### Task
Give the listing again exactly, omitting its images.

### Data block
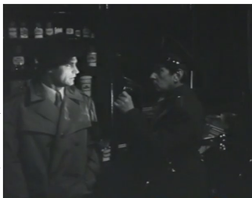
8. Ábra: A patikai jelenet a Hekus lettem című filmből
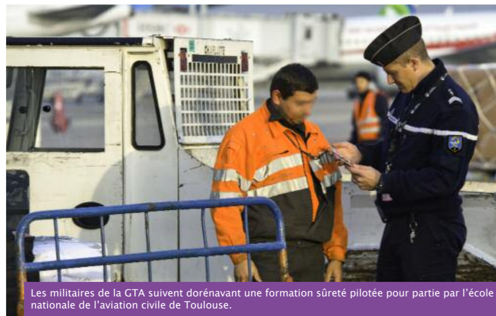
Les militaires de la GTA suivent dorénavant une formation sûreté pilotée pour partie par l'école nationale de l'aviation civile de Toulouse.

Cette formation plus complète et plus pratique a permis de porter la validité de ce stage à 6 ans au lieu de 3 avec l'ancien Surad. •••

### Written answer
8. Ábra: A patikai jelenet a Hekus lettem című filmből
Les militaires de la GTA suivent dorénavant une formation sûreté pilotée pour partie par l'école nationale de l'aviation civile de Toulouse.

Cette formation plus complète et plus pratique a permis de porter la validité de ce stage à 6 ans au lieu de 3 avec l'ancien Surad. •••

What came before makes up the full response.